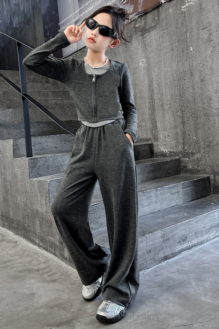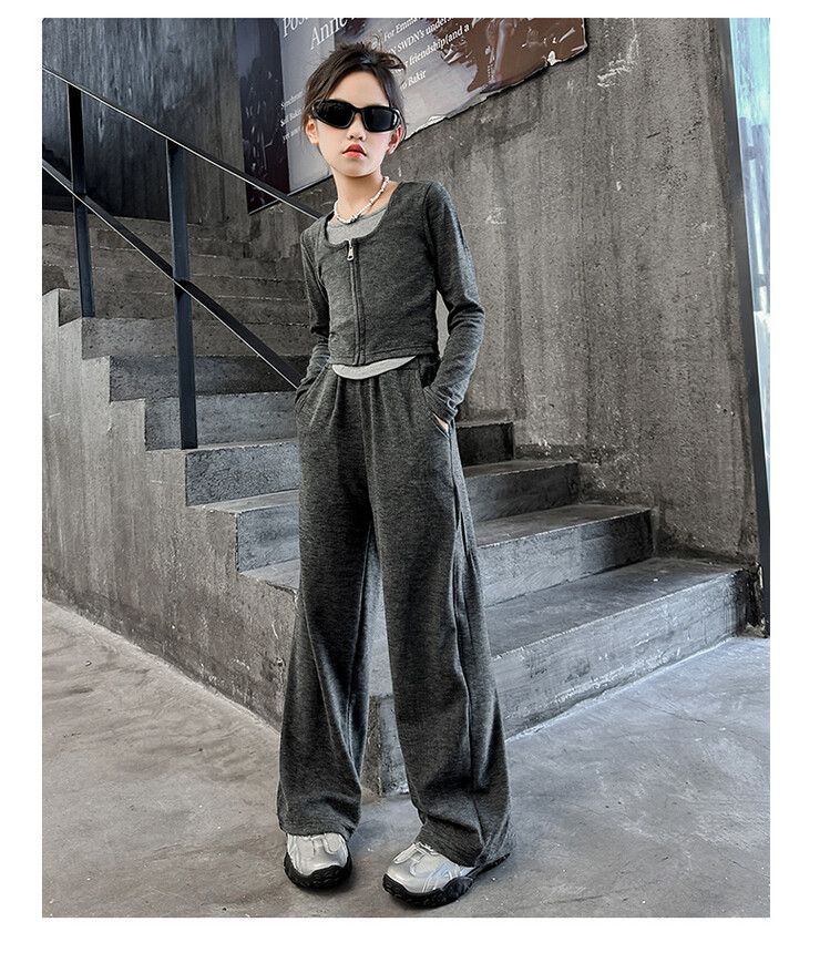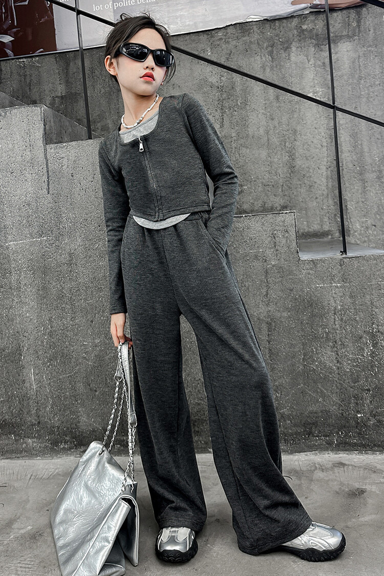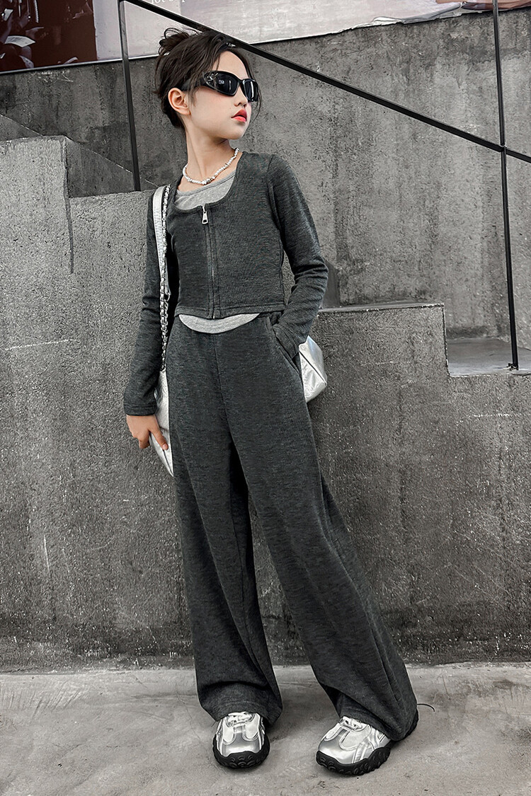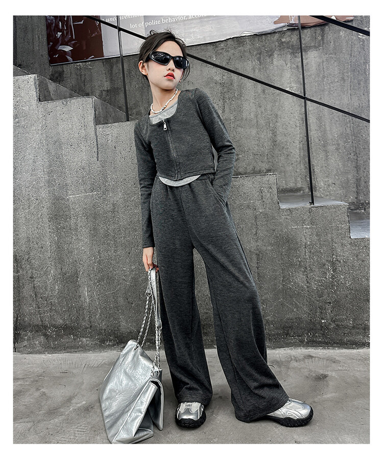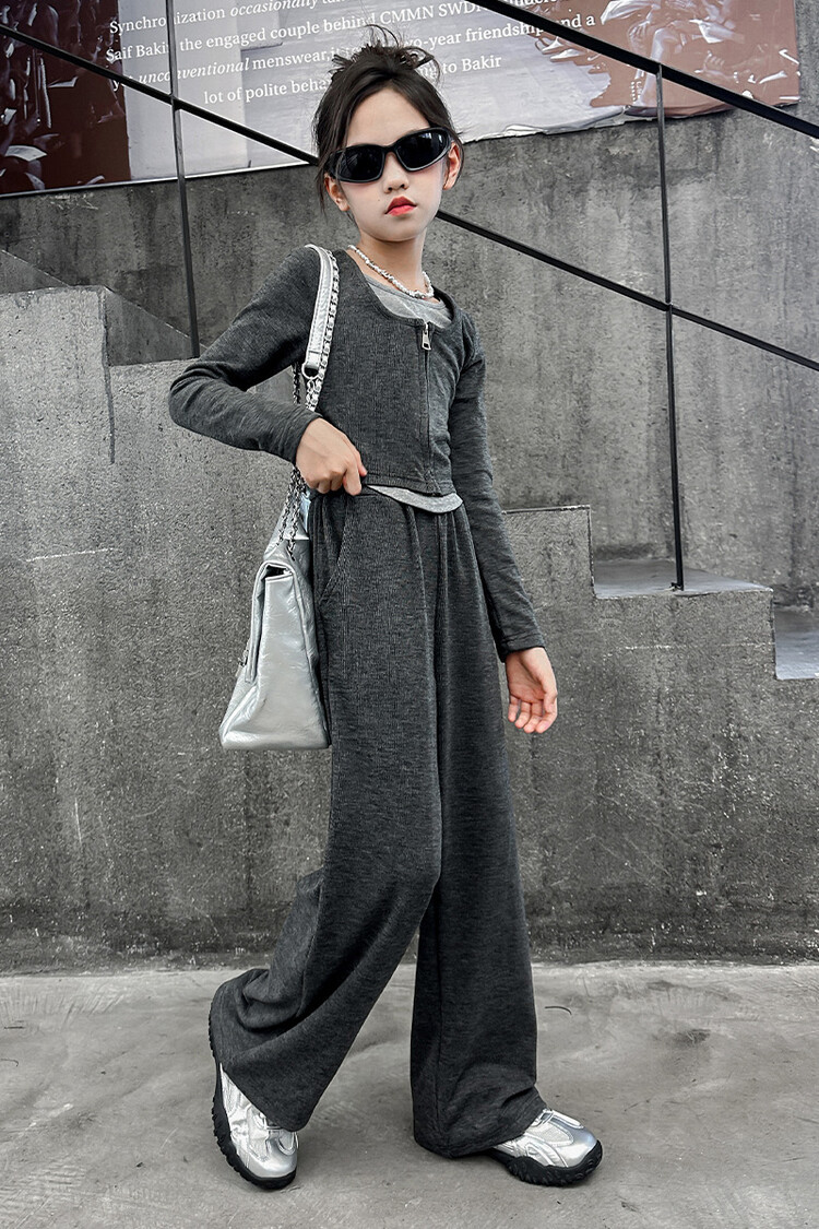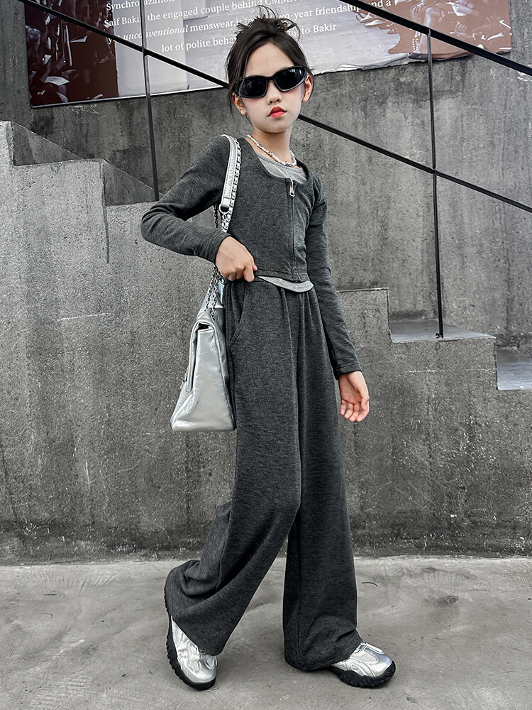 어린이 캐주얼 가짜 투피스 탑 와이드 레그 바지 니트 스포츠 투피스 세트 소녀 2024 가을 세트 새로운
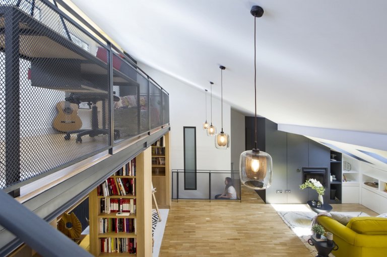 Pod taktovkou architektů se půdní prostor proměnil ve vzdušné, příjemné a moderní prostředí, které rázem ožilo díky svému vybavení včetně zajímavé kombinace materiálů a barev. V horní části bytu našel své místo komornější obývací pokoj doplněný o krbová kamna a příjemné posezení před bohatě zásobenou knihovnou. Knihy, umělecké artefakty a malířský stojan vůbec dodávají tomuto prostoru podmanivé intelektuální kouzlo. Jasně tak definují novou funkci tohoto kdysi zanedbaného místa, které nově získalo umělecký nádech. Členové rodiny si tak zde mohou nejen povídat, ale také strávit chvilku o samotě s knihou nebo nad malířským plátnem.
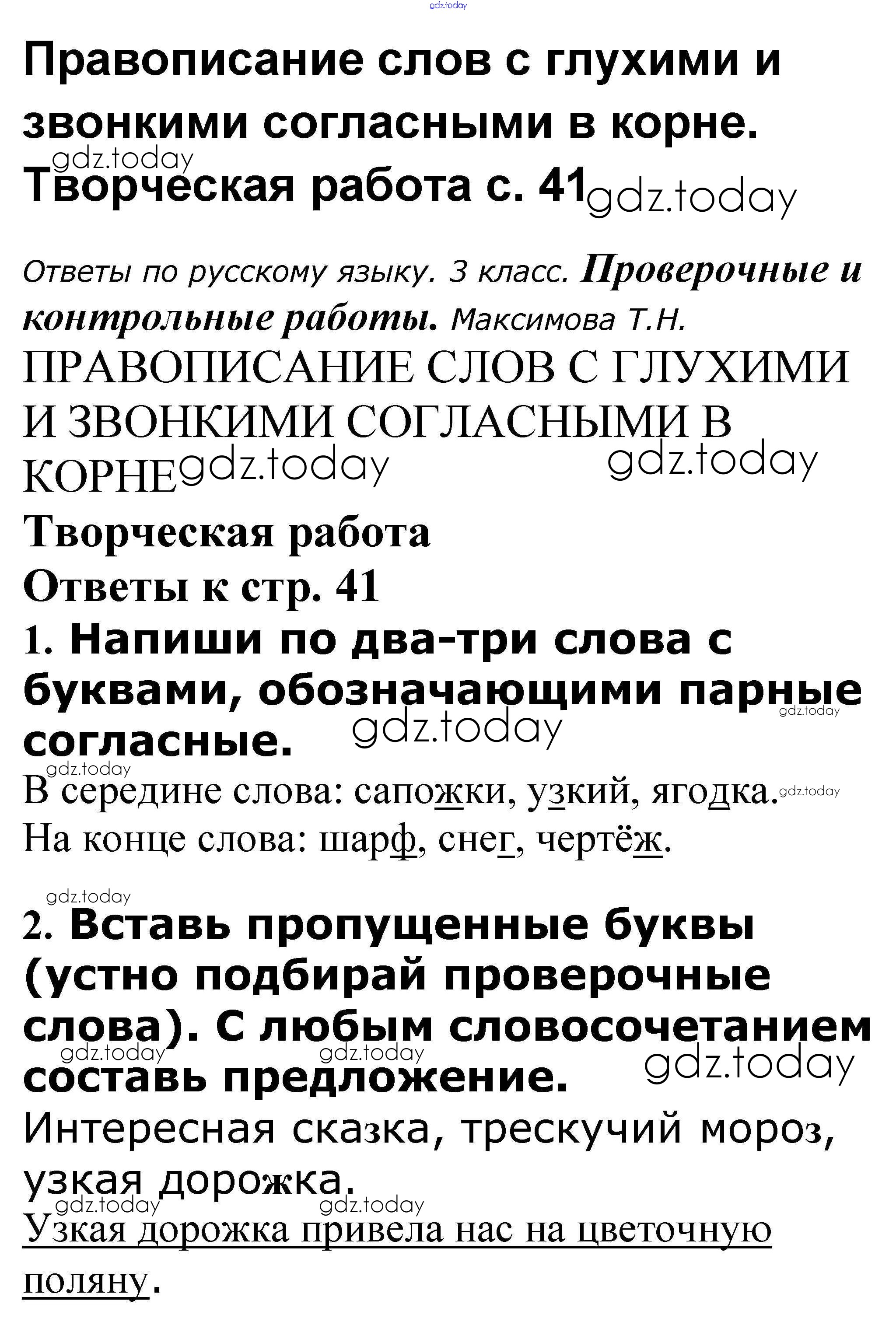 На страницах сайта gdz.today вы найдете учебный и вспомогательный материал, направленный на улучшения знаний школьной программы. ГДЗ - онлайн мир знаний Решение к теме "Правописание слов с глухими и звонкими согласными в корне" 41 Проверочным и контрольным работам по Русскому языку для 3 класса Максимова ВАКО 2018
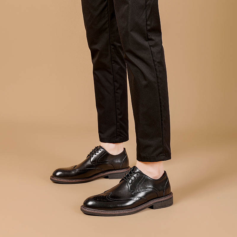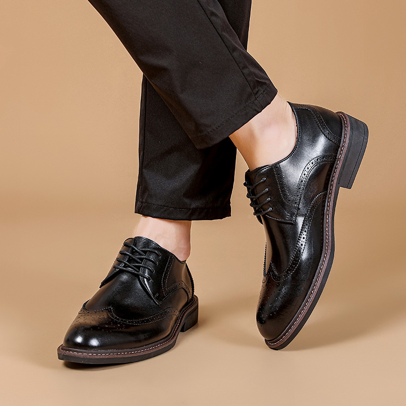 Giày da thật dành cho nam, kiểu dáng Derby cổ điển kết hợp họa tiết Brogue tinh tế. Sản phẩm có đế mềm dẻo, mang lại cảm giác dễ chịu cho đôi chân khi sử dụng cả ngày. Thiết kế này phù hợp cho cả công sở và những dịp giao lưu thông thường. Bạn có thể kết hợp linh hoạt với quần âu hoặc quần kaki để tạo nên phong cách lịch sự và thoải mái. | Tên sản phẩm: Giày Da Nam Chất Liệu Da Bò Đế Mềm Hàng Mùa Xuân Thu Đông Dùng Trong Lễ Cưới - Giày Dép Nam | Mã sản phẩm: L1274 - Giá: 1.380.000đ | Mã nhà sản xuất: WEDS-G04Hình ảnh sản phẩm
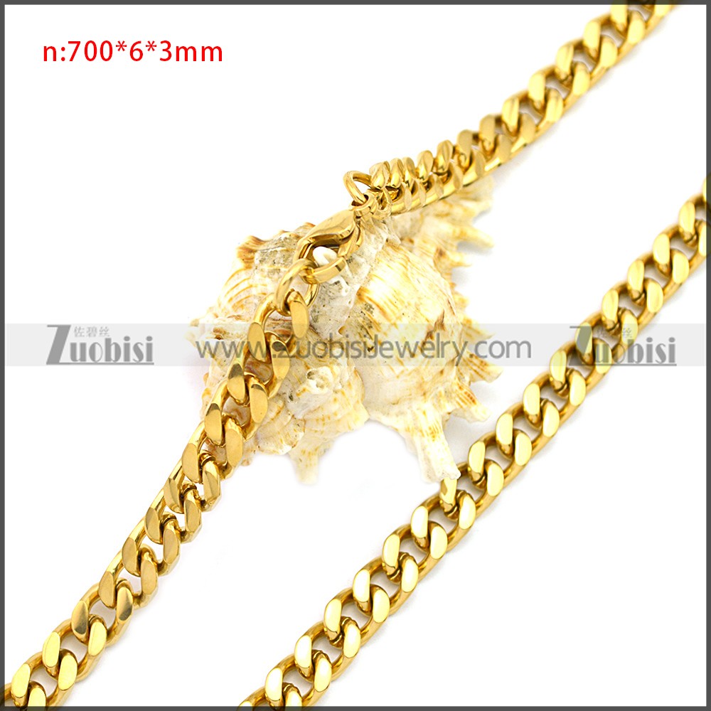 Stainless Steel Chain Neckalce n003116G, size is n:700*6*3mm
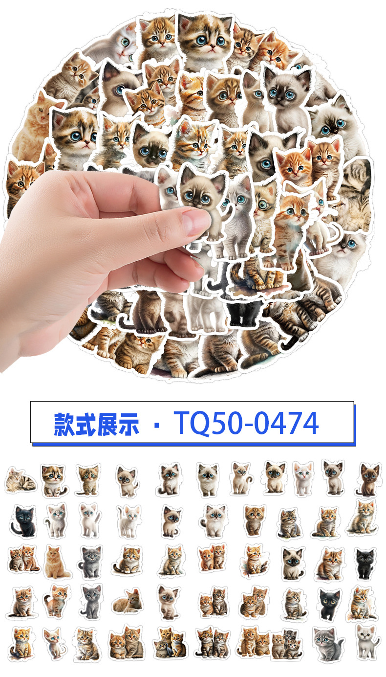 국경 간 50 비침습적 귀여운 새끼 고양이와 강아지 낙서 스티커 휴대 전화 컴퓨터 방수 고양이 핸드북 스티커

## [Task statement]
Every entry above is to be set down exactly; the pictures are to be left out.

## [Task answer]
 어린이 캐주얼 가짜 투피스 탑 와이드 레그 바지 니트 스포츠 투피스 세트 소녀 2024 가을 세트 새로운
 Pod taktovkou architektů se půdní prostor proměnil ve vzdušné, příjemné a moderní prostředí, které rázem ožilo díky svému vybavení včetně zajímavé kombinace materiálů a barev. V horní části bytu našel své místo komornější obývací pokoj doplněný o krbová kamna a příjemné posezení před bohatě zásobenou knihovnou. Knihy, umělecké artefakty a malířský stojan vůbec dodávají tomuto prostoru podmanivé intelektuální kouzlo. Jasně tak definují novou funkci tohoto kdysi zanedbaného místa, které nově získalo umělecký nádech. Členové rodiny si tak zde mohou nejen povídat, ale také strávit chvilku o samotě s knihou nebo nad malířským plátnem.
 На страницах сайта gdz.today вы найдете учебный и вспомогательный материал, направленный на улучшения знаний школьной программы. ГДЗ - онлайн мир знаний Решение к теме "Правописание слов с глухими и звонкими согласными в корне" 41 Проверочным и контрольным работам по Русскому языку для 3 класса Максимова ВАКО 2018
 Giày da thật dành cho nam, kiểu dáng Derby cổ điển kết hợp họa tiết Brogue tinh tế. Sản phẩm có đế mềm dẻo, mang lại cảm giác dễ chịu cho đôi chân khi sử dụng cả ngày. Thiết kế này phù hợp cho cả công sở và những dịp giao lưu thông thường. Bạn có thể kết hợp linh hoạt với quần âu hoặc quần kaki để tạo nên phong cách lịch sự và thoải mái. | Tên sản phẩm: Giày Da Nam Chất Liệu Da Bò Đế Mềm Hàng Mùa Xuân Thu Đông Dùng Trong Lễ Cưới - Giày Dép Nam | Mã sản phẩm: L1274 - Giá: 1.380.000đ | Mã nhà sản xuất: WEDS-G04Hình ảnh sản phẩm
 Stainless Steel Chain Neckalce n003116G, size is n:700*6*3mm
 국경 간 50 비침습적 귀여운 새끼 고양이와 강아지 낙서 스티커 휴대 전화 컴퓨터 방수 고양이 핸드북 스티커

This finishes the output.